En ce qui concerne la Commission professionnelle des kiosquiers, vous apportez quelques modifications. Seuls les organismes de distribution seront représentés et en ce qui concerne les syndicats des kiosquiers ils devront être agréés. Avant, il leur suffisait d'être concernés. Vous indiquez 2 représentants sans nous dire combien d'organisations peuvent prétendre à être représentées. Vous ne nous dites pas comment travaille cette Commission. Est-elle uniquement consultative ? Vote-t-elle ? Qui contrôle ? Sûrement pas le Conseil de Paris qui n'a jamais été saisi du moindre rapport.
Comme souvent, derrière ces réglementations, il y a des hommes et des femmes et vous n'en parlez pas. Combien ? A Paris on dit plus de 300, on n'a pas le chiffre exact. Quels sont vos projets ? Allez-vous en installer d'autres ? En supprimer ? Dans certaines rues de Paris, certains bas d'immeubles pourraient rendre le même service, sans pour cela encombrer les trottoirs et dans des conditions cent fois supérieures.
Voilà un sujet de réflexion.
Vous n'abordez pas les conditions de travail des kiosquiers. J'ai eu l'occasion de lire un certain nombre de correspondances entre vos services et eux. Plus technocrate, plus méprisant, tu meurs !
Qui, ici, un jour, est rentré dans un kiosque ? L'espace : c'est 50 centimètres sur 1.30 mètre pour les plus grands. Le chauffage, l'hiver, il ne faut pas y penser ! Pas de connexion d'eau ; trop cher ! Un siège ? Pas assez de place. Si vous êtes tout seul, et c'est toujours le cas puisque deux personnes n'y tiennent pas, et que vous avez un besoin naturel, la bouteille en plastique est de rigueur.
Vos services ont des rapports accablants de la Médecine du travail. Qu'en avez-vous fait ?
La presse est tellement abondante qu'il faut entre une et deux heures pour ouvrir et préparer le kiosque et autant pour le fermer si vous avez un modèle ancien et il y en a à peu près une soixantaine.
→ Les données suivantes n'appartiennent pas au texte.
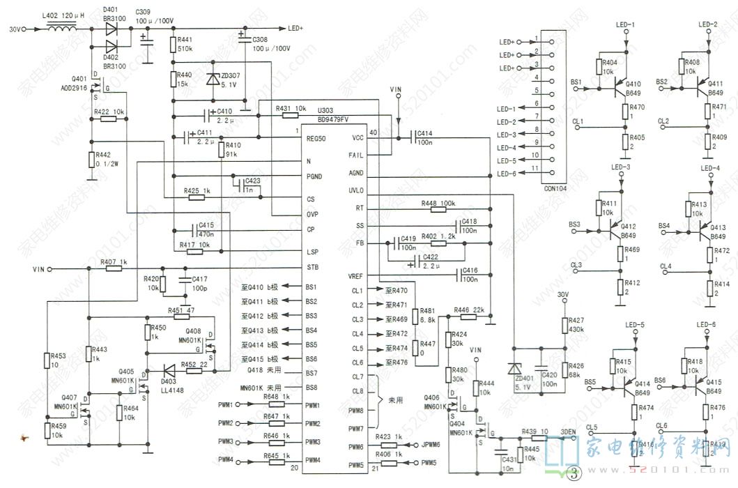 当LED灯串电流增大时,Q410~Q415的c极输出电压升高,即U303电流反馈端32~27脚的电压升高->U303⑨~14脚电平升高- >Q410~Q415 导通程度变浅->LED灯串电流变小,达到恒流控制的目的。
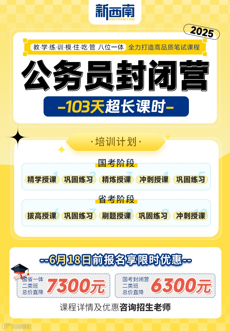 课程安排:103天正课+N天赠送,包含国考阶段(笔试+面试)和省考阶段(笔试+面试)。
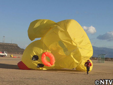 クチバシと左右の翼から空気を送り続けることで100倍村長は立ち上がり、準備万端! 長瀬、松岡が引き手となり、全力疾走! わずかに浮かび上がる村長! と間もなく、村長は大きく傾き、横転! 原因は、唇の空気口が小さすぎ風圧で押しつぶされ、たるんだ翼が機能しなかったこと。 その結果、6秒浮いただけでバランスを崩し、回転してしまった。 |
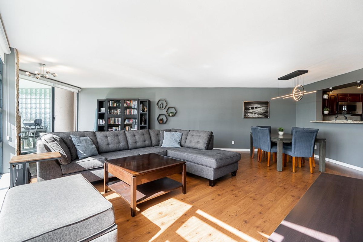 Unbeatable Value! Discover urban living at its finest in this spacious two-bedroom, two-bathroom condo located in the heart of New Westminster. Boasting generous square footage and an open concept with southern views of the city and river. This home features an updated kitchen equipped with granite countertops, an undermount sink, and a large walk-in pantry/laundry area. The generously sized bedrooms offer floor-to-ceiling windows, flooding the space with natural light. Laminate flooring throughout adds a modern touch. Enjoy the convenience of being close to the SkyTrain, shopping, and the vibrant New Westminster Quay, featuring a diverse array of restaurants. This condo is a perfect blend of comfort and accessibility!
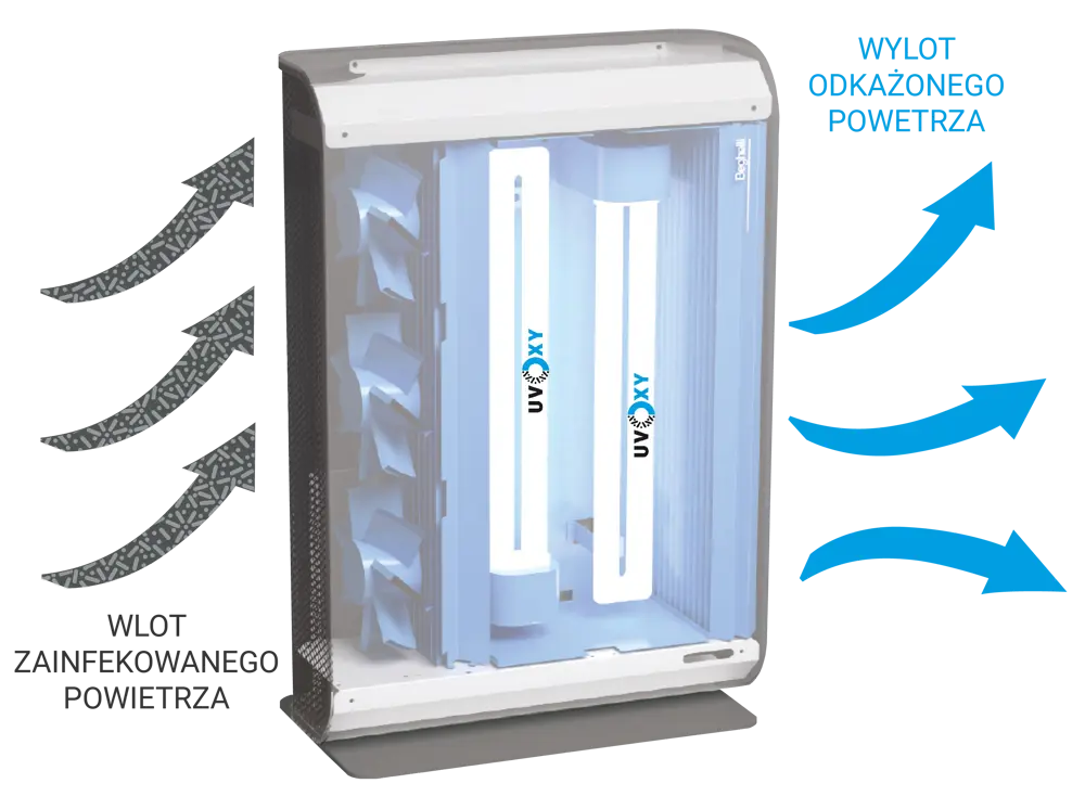 System bocznych wentylatorów osiowych zasysa zainfekowane powietrze do wnętrza urządzenia. Mikroorganizmy, takie, jak: wirusy, bakterie, grzyby, pleśnie czy również inne alergeny zawarte w tzw. ‘nuclei’ w aerozolach w momencie wejścia do komory są od razu neutralizowane przez certyfikowany system promieni ultrafioletowych. Promieniowanie ultrafioletowe bezpośrednio działa na kwasy nukleinowe mikroorganizmów (RNA lub DNA) doprowadzając do dezaktywacji patogenu, który przestaje stanowić zagrożenie dla człowieka.
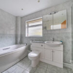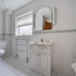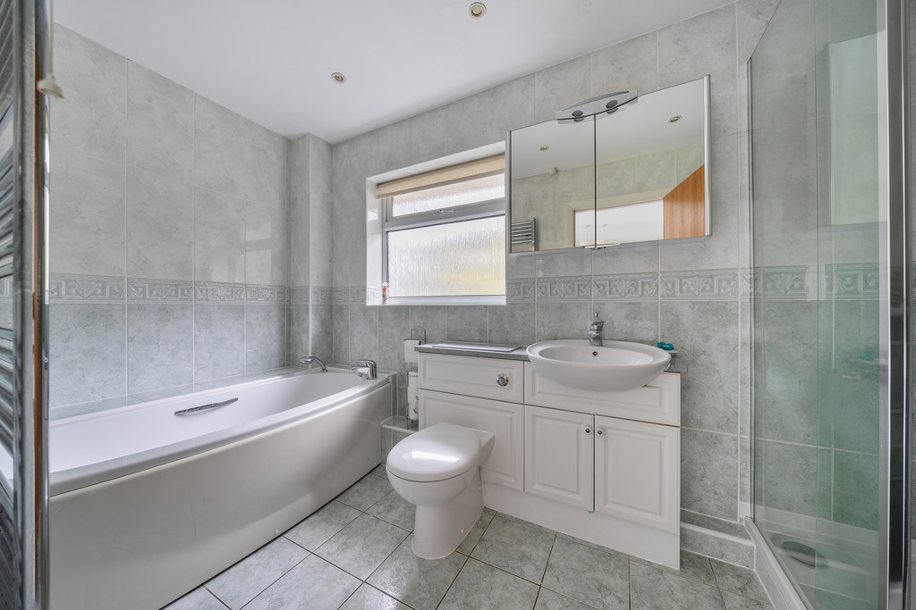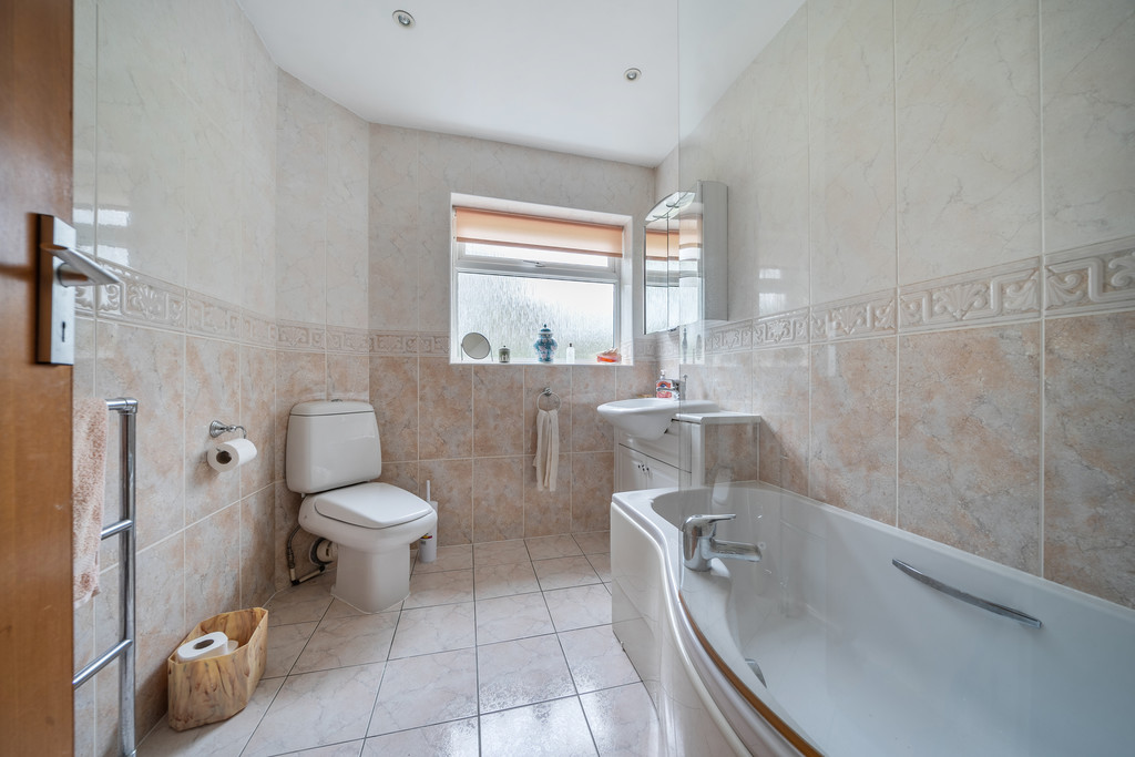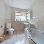 FAMILY BATHROOM 'P' shaped bath with fitted glass and chrome screen, inset wash hand basin, low level flush w.c., heated chrome towel rail, fully tiled walls.
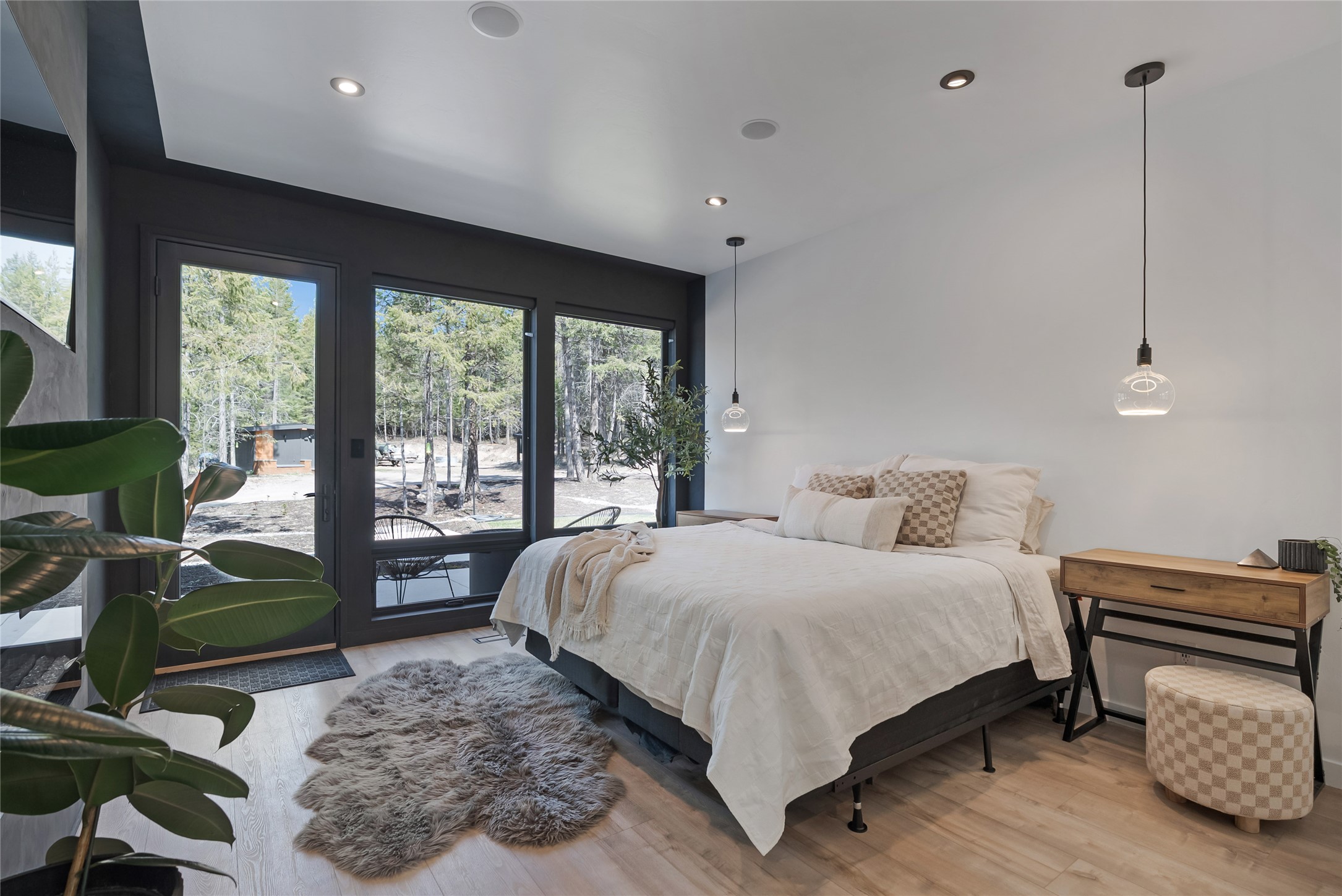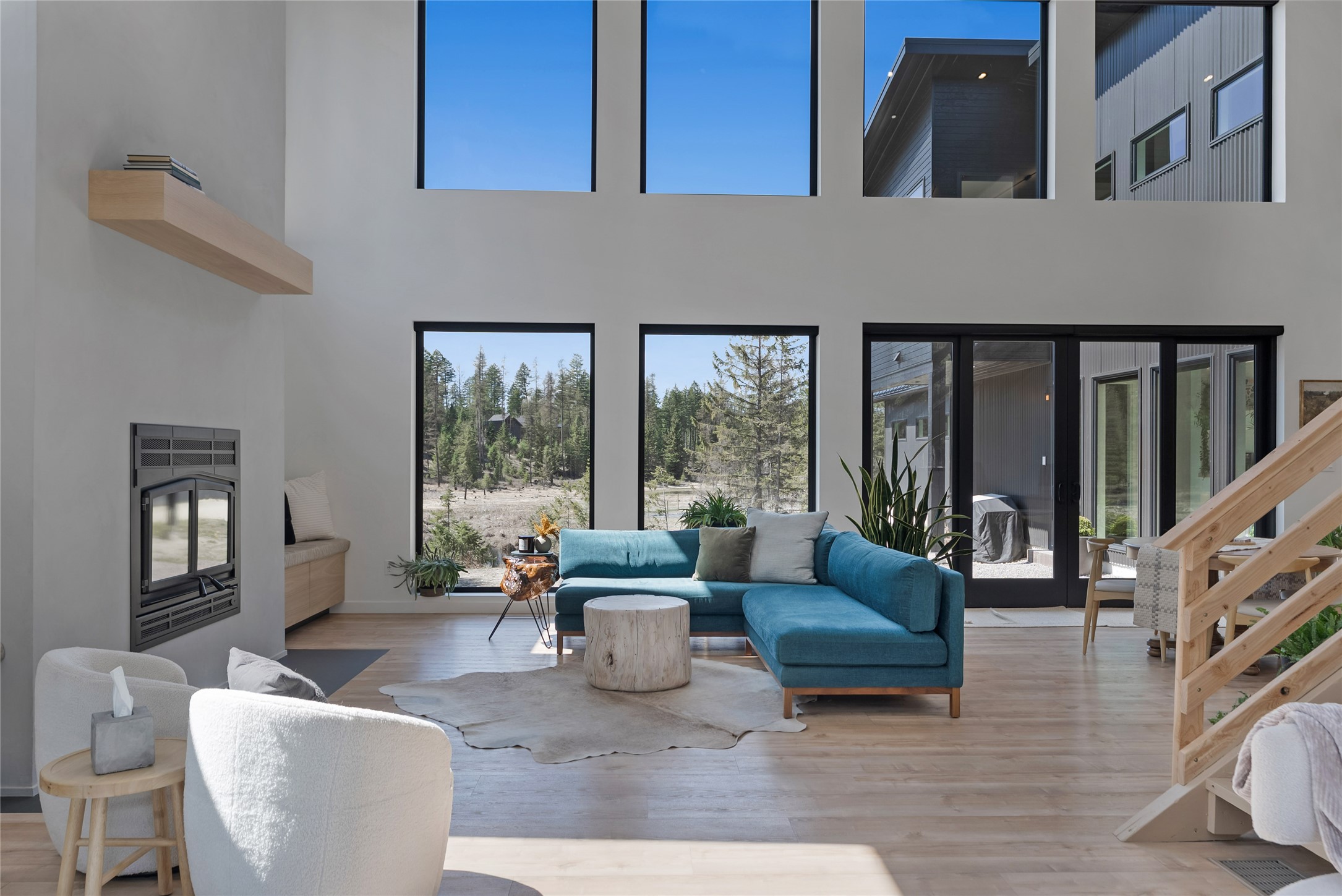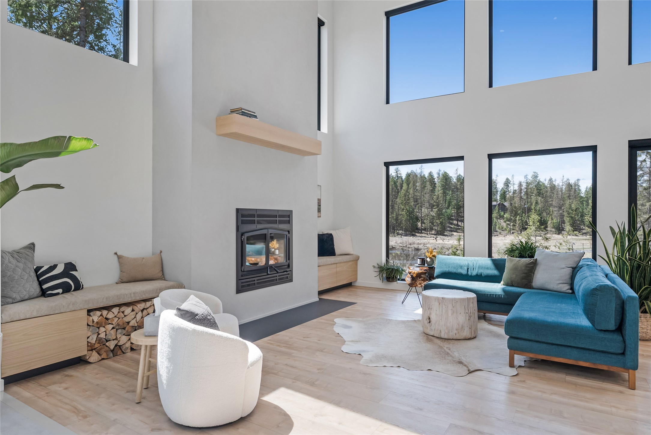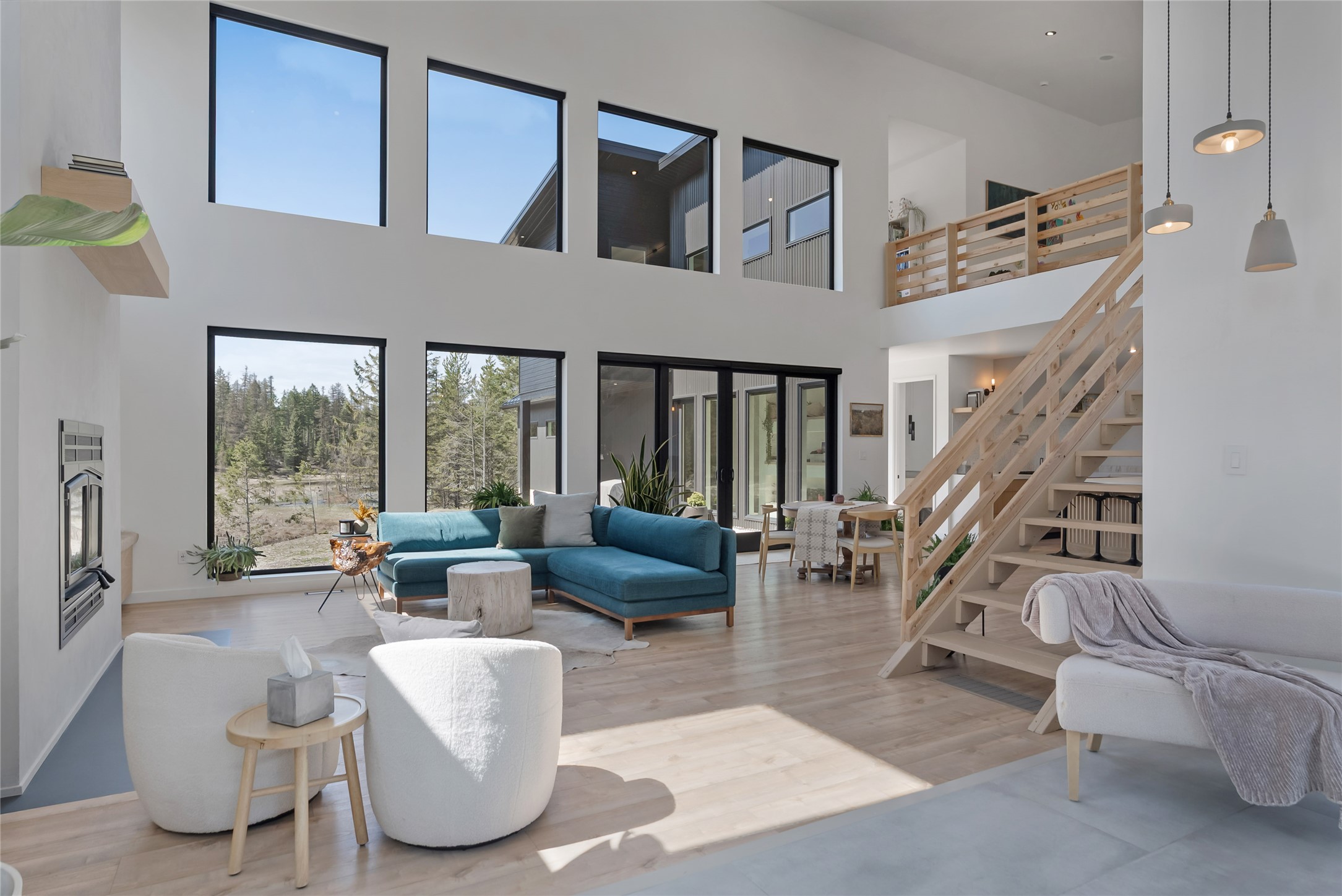 The home itself spans over 3,600 square feet and is a masterclass in modern-rustic design. Inside, you'll find 4 spacious bedrooms, 3.5 baths, and two distinct living areas--perfect for families, guests, or anyone who enjoys both gathering and retreat. A wood-burning fireplace provides a cozy centerpiece in the main living room, while 44 windows throughout flood the space with natural light. Nine-foot ceilings and clean, open lines invite both calm and connection, allowing you to move easily from one area of the home to another.

La multiplication des distributeurs de presse ne fait que multiplier les produits et vous savez fort bien que ces kiosques et leurs abords ne sont pas extensibles mais qu'importe ! D'ailleurs, le montant de la redevance devrait tenir compte de l'ancienneté du kiosque, ce qui n'est pas le cas, car si les conditions de travail sont mauvaises, elles le sont encore plus pour certains.
Je remarque que la Commission intègre un représentant de la société concessionnaire du matériel urbain, la société " A.A.P. ". Serait-il possible que cette société présente des modèles qui allient le côté pratique mais aussi l'hygiène et la sécurité, après que la Ville de Paris lui ait donné un vrai cahier des charges digne de ce nom ?
Je souhaite, Monsieur le Maire, que vous demandiez à vos services une étude sur ce sujet et qu'elle nous soit présentée.
Je voudrais ici, comme ma collègue Martine BILLARD, remercier les kiosquiers qui travaillent dans des conditions difficiles, indignes de notre Capitale, car non seulement ils nous vendent nos journaux tôt le matin et tard le soir, mais renseignent les touristes, les Parisiens, utilisent leur téléphone quand des incidents se produisent dans la rue et sont souvent des points de rencontre, de convivialité, pour les personnes âgées.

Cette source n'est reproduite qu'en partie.